# End text-classification model

This notebook contains the end-LSTM model for the relation extraction purpose.
This code is originally run on Google colab.
Thus, it might need some minor changes based on the use

The output of the label model are the set of probabilities among the binary choice. Those probabilities(train labels) still contain noises. To achieve a high accuracy of the model, we can utilize the tokens of the sentences to train our end extraction model.

## Import module

In [1]:
#from google.colab import drive
import pandas as pd
import numpy as np
import spacy
import snorkel
from sklearn.model_selection import train_test_split
import torch
from torchtext import data, vocab

In [297]:
#drive.mount("/content/drive")

Drive already mounted at /content/drive; to attempt to forcibly remount, call drive.mount("/content/drive", force_remount=True).


## Text pre-processing

This text pre-processing steps require pytorch's text module called torch text.<br>
It can simply be installed using the command "pip install torchtext"<br><br>
Our inputs contain two types of text: left_text, right_text based on the location of the target entity.
We instantiate our data objects using torchtext as below.

Both left and right sentences are tokenized by word by spaCy's tokenizer <br>
For the embedding of the text, we ustilze the glove's 300-d pretrained word-vectors. It can be downloaded easily online. Or, it can be replaced by any word-vectors.



In [6]:
def text_processing():

    # Define our Torch Data objects
    TEXT = data.Field(tokenize = "spacy", batch_first = True, include_lengths = True)

    LABEL = data.Field(dtype = torch.float, sequential = False, use_vocab=False, batch_first = True)

    # Define the fields to be used later for data-processing
    fields = [(None, None), ('left_text',TEXT), ('right_text',TEXT), ('label',LABEL)]

    # we use the dataset that contains the columns (idx, left_sentence, right_sentence, supply_label)
    # we make the dataset into torchtext's Dataset object using the fields defined above
    #training_data = data.TabularDataset(path = 'drive/My Drive/Data/partitioned_sents_final.csv', format='csv', fields=fields, skip_header=True)
    training_data = data.TabularDataset(path = 'partitioned_sents_final.csv', format='csv', fields=fields, skip_header=True)

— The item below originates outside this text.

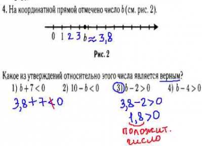 Решая данную задачу ГИА по математике , смотрим на луч и присваиваем букве b примерно число 3,8 (хотя можно взять и 3,5). Затем подставляем это число в каждое неравенство. Нам подойдёт 3-ее неравенство , т.к. 3,8-2>0, действительно 1,8>0. Можно было даже не считать, а сразу догадаться, что получится положительное число, которое больше нуля.

    # We split the training and valid dataset (We use 80-20 ratio)
    train_data, valid_data = training_data.split(split_ratio=0.8)

    # For each sentence, we want to embed them using the pre-trained Glove vector (300-dimension)
    #embeddings = vocab.Vectors('glove.6B.300d.txt', 'drive/My Drive/Data/')
    embeddings = vocab.Vectors('glove.6B.300d.txt', 'glove.6B/')

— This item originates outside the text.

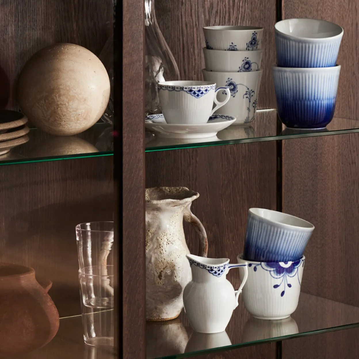 On this hand painted 26 cl Blue Fluted Mega Thermal Mug, a magnified palmetto grows from a blooming chrysanthemum in an eye-catching pattern. The mug’s inner and outer layer form a cavity, ensuring that the porcelain does not conduct heat. The mug is ideal both as a coffee mug and as a tea mug. Blue Fluted Mega is comfortingly familiar yet surprisingly refreshing. Born from a bold reinterpretation of the iconic pattern of Blue Fluted Plain, Blue Fluted Mega captivates with graphic and magnified sections of the original mussel painted pattern. Since its creation in 2000, Blue Fluted Mega has grown to become a true, new classic in Danish design. The eye-catching collection is beautiful on its own or in combination with other Royal Copenhagen dinner service.

    # Build the vocab based on the Glove vector. Min_freq:3, Max_size=5,000
    TEXT.build_vocab(train_data, min_freq = 3, max_size = 5000, vectors = embeddings)
    LABEL.build_vocab(train_data)

    # Store the vocab size. Note that the vocab contains extra 2 words ( <UNKNOWN>, <PAD>))
    vocab_size = len(TEXT.vocab)
    
    return TEXT, LABEL, train_data, valid_data

In [8]:
TEXT, LABEL, train_data, valid_data = text_processing()

## Define the End LSTM model

For the end classification model, we will define a 2-layer Bi-directional LSTM model followed by a fully-connected layer for the final classification. Please note that we use the sigmoid function for the activation funcation considering that this is a binary-classification. 

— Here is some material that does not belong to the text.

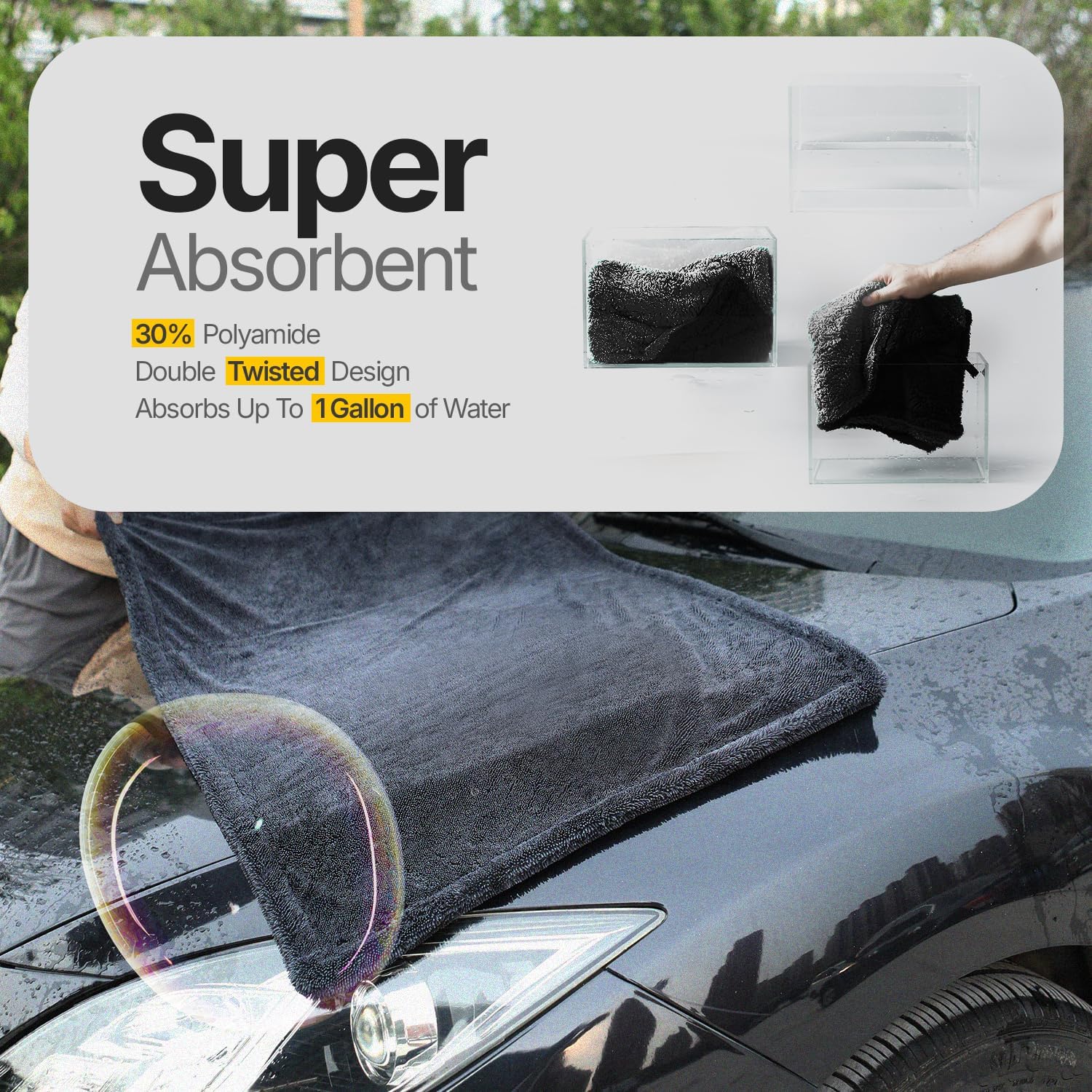 - 6X ABSOPRTION POWER: Ultra-absorbent microfiber towel with twisted-loop technology and 30% polyamide absorbs 6x its weight for efficient, streak-free drying - ideal for avoiding swirls and water spots

Given the embeddings of the two sentences, we utilize torch's pack_padded_sequence method to keep them uniform in length. Please note that those sentences shorter than the max_length will be padded with pads that are not used as inputs to the LSTM layers. <br>
Also, the final hidden layers of both left and right sentences become concatenated and used for the final dense layer.

In [300]:
import torch
import torch.nn as nn
from torch.nn.utils.rnn import pack_padded_sequence

class SupplyClassifier(nn.Module):
    def __init__(self, vocab_size, embedding_dim, hidden_dim, output_dim, n_layers, bidirectional, dropout):
        super().__init__()
        
        # Define the Embedding layer
        self.embedding = nn.Embedding(vocab_size, embedding_dim)

        # Define the LSTM layer for each of the text using the hyparameters defined
        self.lstm = nn.LSTM(embedding_dim, hidden_dim, num_layers = n_layers, bidirectional = bidirectional,
                           dropout = dropout, batch_first = True)

        # Define the dense layer
        # Note the input dimension : 2*2*hidden_dim because we concat left and right sentences which is Bi-drectional
        self.fc = nn.Linear(2 * 2 * hidden_dim, output_dim)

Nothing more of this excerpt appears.